Source material
---*---

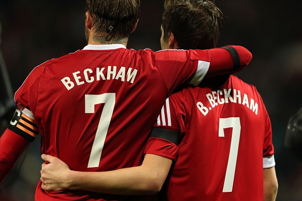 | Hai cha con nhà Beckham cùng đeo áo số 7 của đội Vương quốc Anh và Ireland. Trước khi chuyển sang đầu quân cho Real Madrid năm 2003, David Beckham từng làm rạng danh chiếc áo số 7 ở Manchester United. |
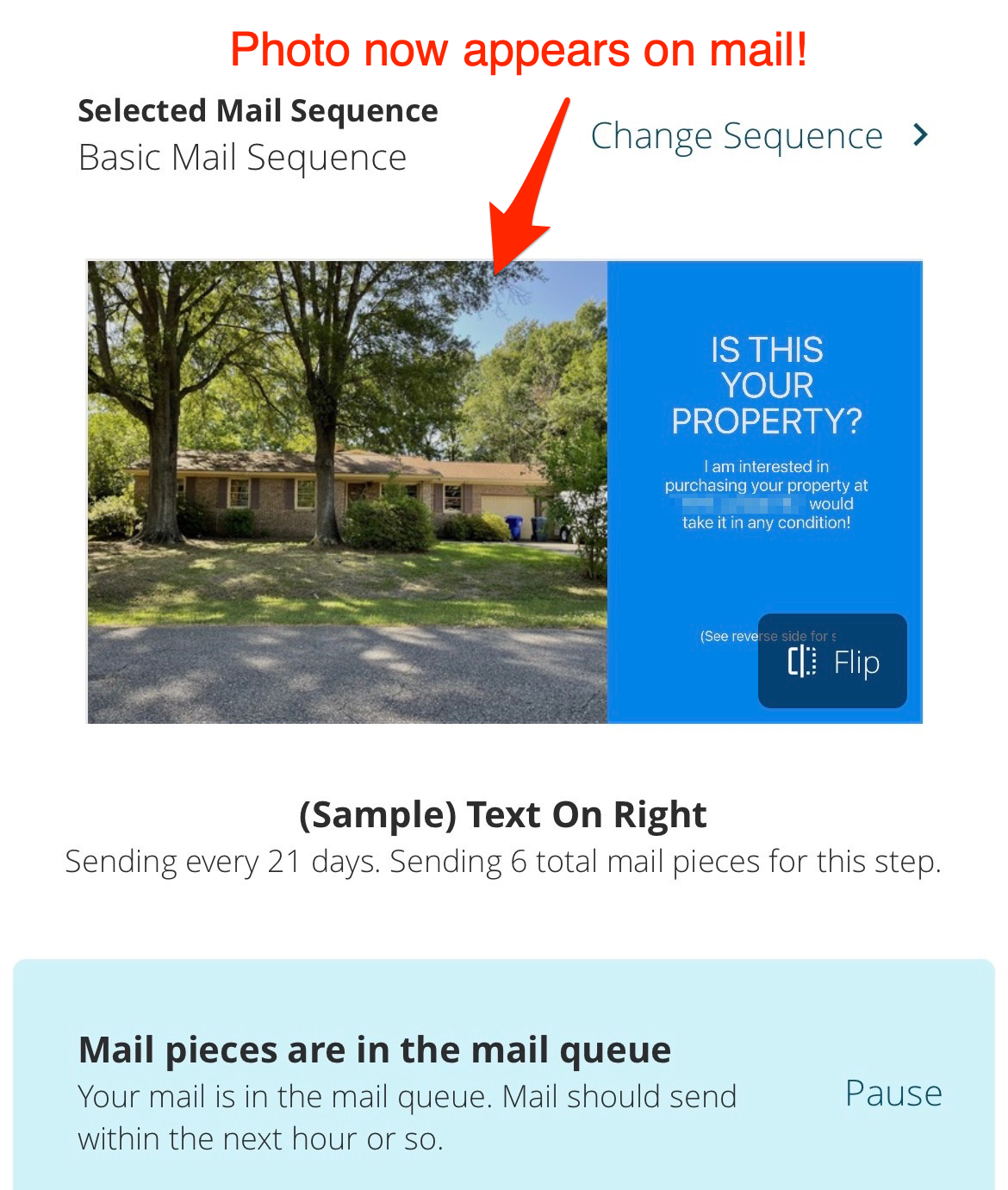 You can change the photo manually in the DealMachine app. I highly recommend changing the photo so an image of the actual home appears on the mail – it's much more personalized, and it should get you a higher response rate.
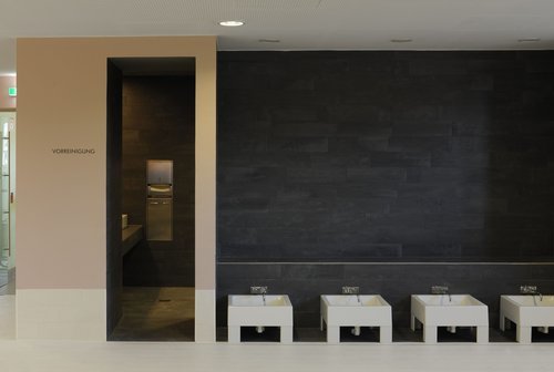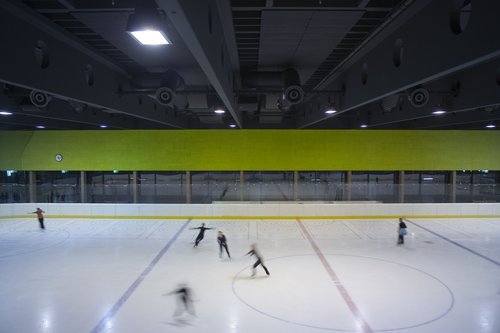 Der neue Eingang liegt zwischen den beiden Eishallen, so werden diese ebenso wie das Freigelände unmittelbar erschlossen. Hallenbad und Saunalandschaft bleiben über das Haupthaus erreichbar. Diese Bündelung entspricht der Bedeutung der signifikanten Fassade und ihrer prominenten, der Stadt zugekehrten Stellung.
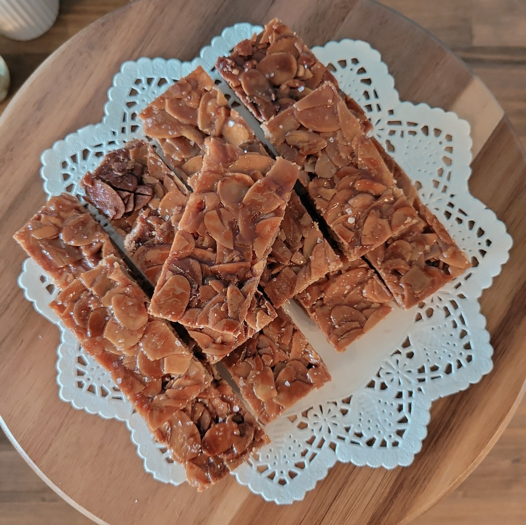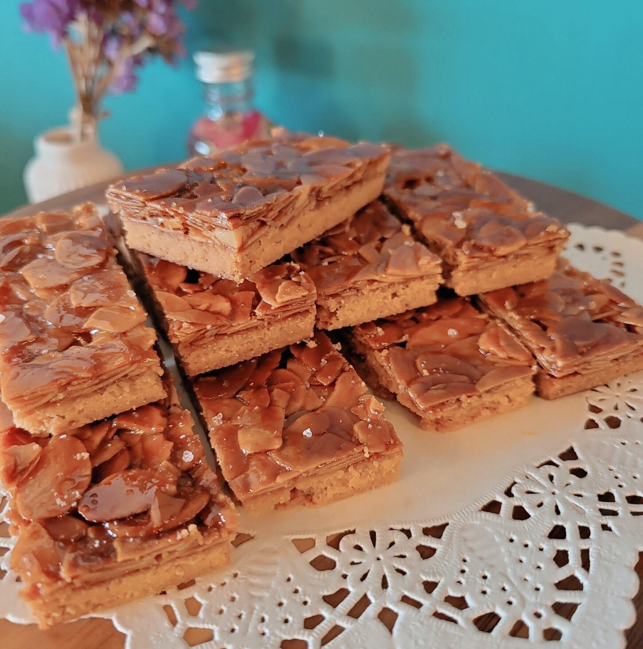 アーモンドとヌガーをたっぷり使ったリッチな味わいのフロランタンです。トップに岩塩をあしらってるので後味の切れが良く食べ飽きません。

---*---

Nothing but the lines from the one containing "You can change" through the end of the listing is to be output, and those lines are to be output exactly, pictures excluded.

 You can change the photo manually in the DealMachine app. I highly recommend changing the photo so an image of the actual home appears on the mail – it's much more personalized, and it should get you a higher response rate.
 Der neue Eingang liegt zwischen den beiden Eishallen, so werden diese ebenso wie das Freigelände unmittelbar erschlossen. Hallenbad und Saunalandschaft bleiben über das Haupthaus erreichbar. Diese Bündelung entspricht der Bedeutung der signifikanten Fassade und ihrer prominenten, der Stadt zugekehrten Stellung.
 アーモンドとヌガーをたっぷり使ったリッチな味わいのフロランタンです。トップに岩塩をあしらってるので後味の切れが良く食べ飽きません。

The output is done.